Admissibility of Breath Tests
[19] Having found a s. 10(b) violation the issue becomes one of whether admission of the Breath tests would bring the administration of justice into disrepute. Taking the 3 part test from R. v. Grant 2009 SCC 32, I find that the Charter violation is serious, but not overly so. Cst. Phung demonstrated no disregard for Ms. Umana Calderon's assertion of wanting to speak with a specific lawyer. He made four phone calls in an effort to set that up. He was candid with me that his inexperience was the source of his investigative failings that evening, and he would do things differently now which is to say that he was candid with the Court about his involvement in the case that evening. What elevates this case beyond a more technical violation and into the realm of a more serious one is that the Court of Appeal's clear direction from Traicheff (supra) is several years old. The facts before me support the finding that new officers are not taught that when counsel of choice cannot be reached they must ask the arrestee what they wish to do in order to facilitate contact with counsel of choice.
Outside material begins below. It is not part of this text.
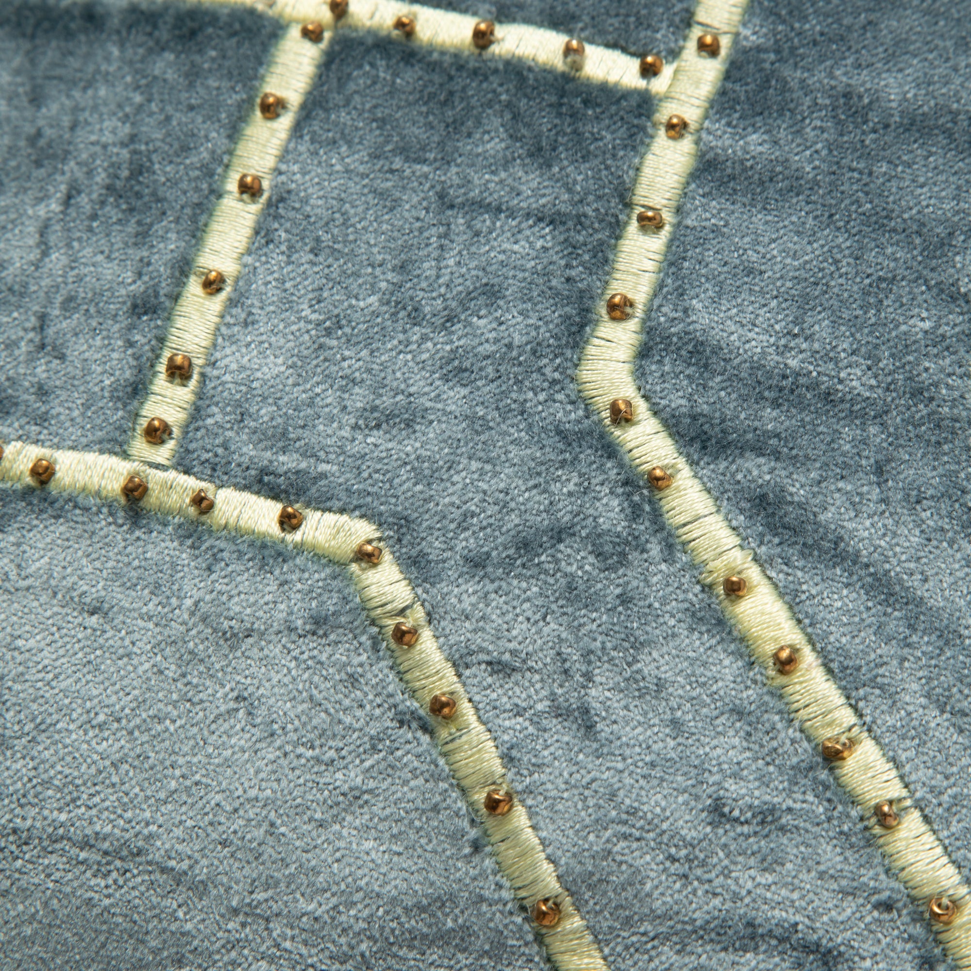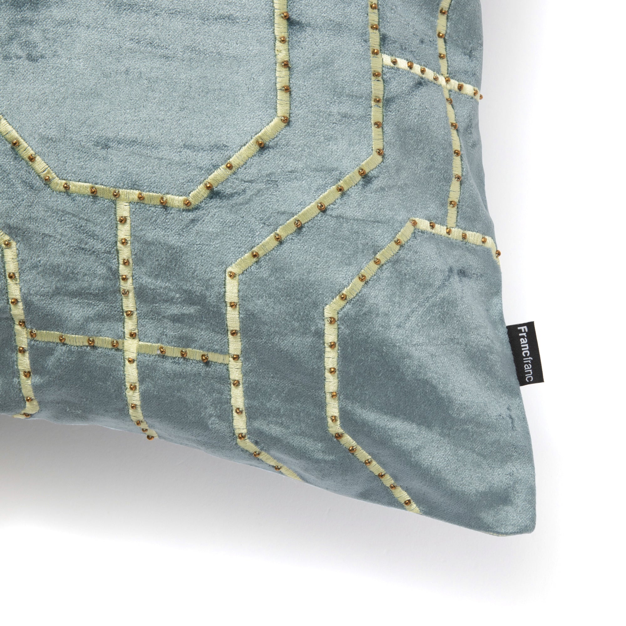 艶感のあるベルベット生地に幾何柄にビーズを刺繍したクッションカバーです。▼クッションカバーの中材(別売り)はこちらクッションヌード一覧サイズW450×D450mm素材表側:地組織コットン100%、パイル:レーヨン100%、刺繍:レーヨン100%、裏側:コットン100%、ガラスビーズ使用重量3.3 kgカラーBL品番 1102010047859 全国一律550円(税込)です。雑貨の商品金額合計が5,000円(税込)以上の場合、送料無料で配送いたします。※手数料、ラッピング料、付帯サービス料は含みません。※新生活期・年末年始は出荷や配送の繁忙期となるため、日時指定をいただいてもご希望日時通りお届け出来ないことがございます。■洗濯:不可■洗濯機:不可■ドライクリーニング:不可■タンブル乾燥:不可■アイロン:不可■はっ水加工:無■本製品はビーズを多く使用しています。衝撃を加えると、ビーズが割れたり、外れたりする場合があります。■衣服や家財等に引っ掛からないよう十分ご注意ください。■怪我の恐れがある為、肌への強い摩擦にご注意ください。■製品の特性上、水洗い・ドライクリーニングはできません。■汚れた場合は固く絞った布等で軽く拭き取ってください。■使用や摩擦により、毛羽立ち・毛羽抜け・毛玉が発生します。

[20] The context is important here. Cst. Phung had called two different numbers twice. One of the phone numbers – the cell phone – now had a full mail box which would no longer accept messages. Cst. Phung therefore tried to contact Nicholas two different ways and one of those methods was no longer possible for reasons completely beyond his control. The fact that Nicholas' cell phone voice mail was no longer accepting messages was sufficient to lead Cst. Phung to reasonably believe that counsel of choice was not going to respond to the call. There is no evidence of bad faith on the part of the officer which sets this case apart from one like R. v. Vernon 2016 ONCA 211. The first limb of the Grant test modestly pulls towards exclusion of the evidence.
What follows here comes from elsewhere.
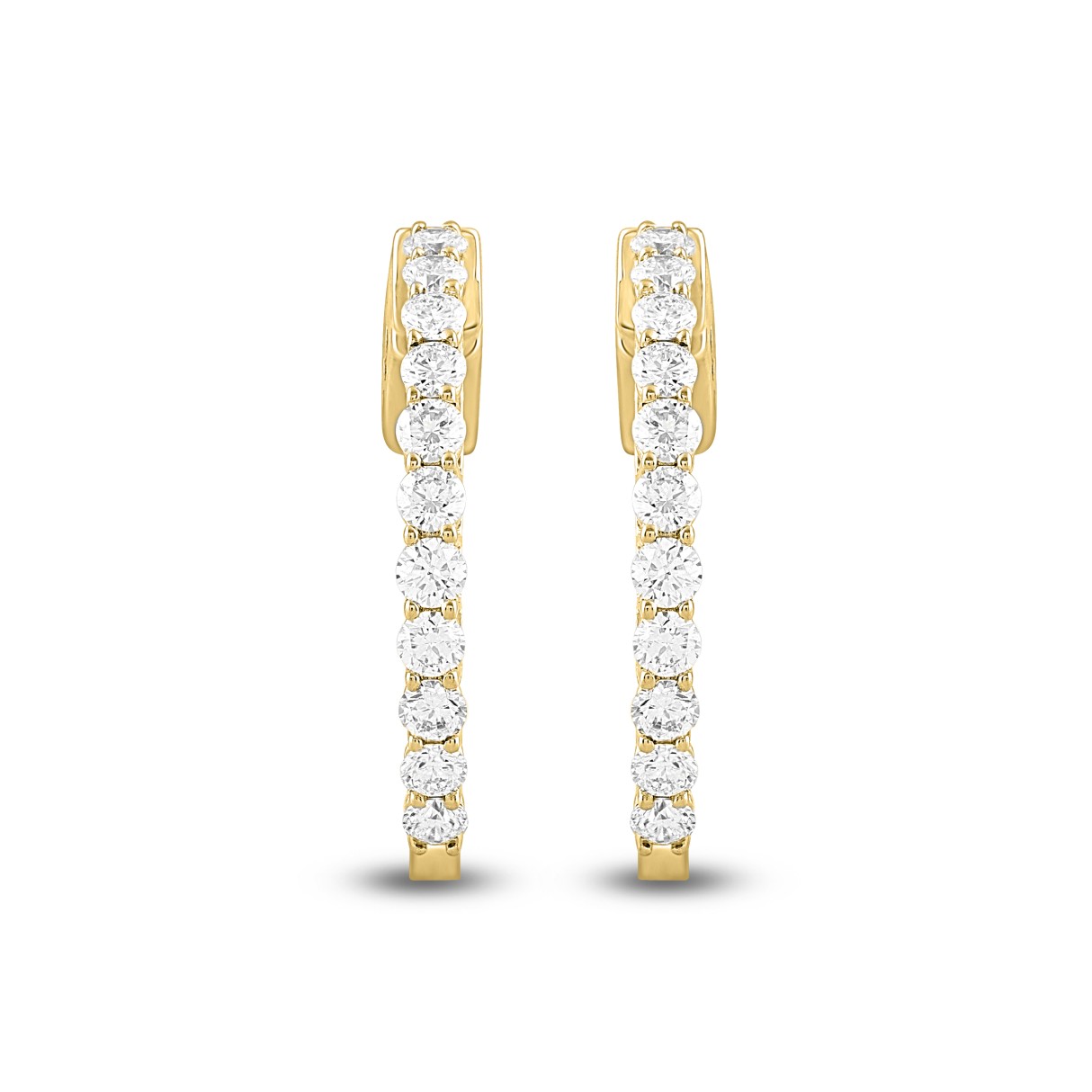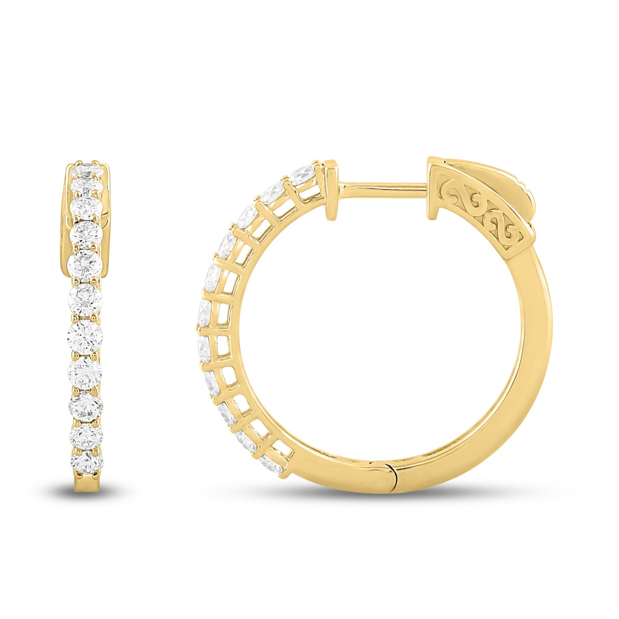 LADIES HOOP EARRINGS 1.50CT ROUND DIAMOND 14K YELLOW GOLD

[21] What is the effect of the Charter violation on the Charter protected interests of Ms. Umana Calderon? The evidence is clear that Ms. Umana Calderon spoke with a lawyer before taking the breath tests and there is no evidence that the call was inadequate from her perspective. She received legal advice at the appropriate time. This significantly mitigates the effect of the Charter violation on Ms. Umana Calderon's Charter protected interests. I also find that the breath testing procedure is minimally invasive, see R. v. Grant (supra) at par. 111. The second limb of the Grant analysis favours admission of the evidence.
[22] The third line of the inquiry speaks to the public's interest in having the case decided on the merits. In this case the breath evidence is reliable and pivotal to the Crown's case. Drinking and driving is an ongoing problem here in Newmarket. In this case the public has a very strong interest in this case being decided on its merits. The third factor favours admission of the evidence.
[23] Putting the three factors of Grant together I would admit the evidence. Accordingly Ms. Umana Calderon is convicted of the charge.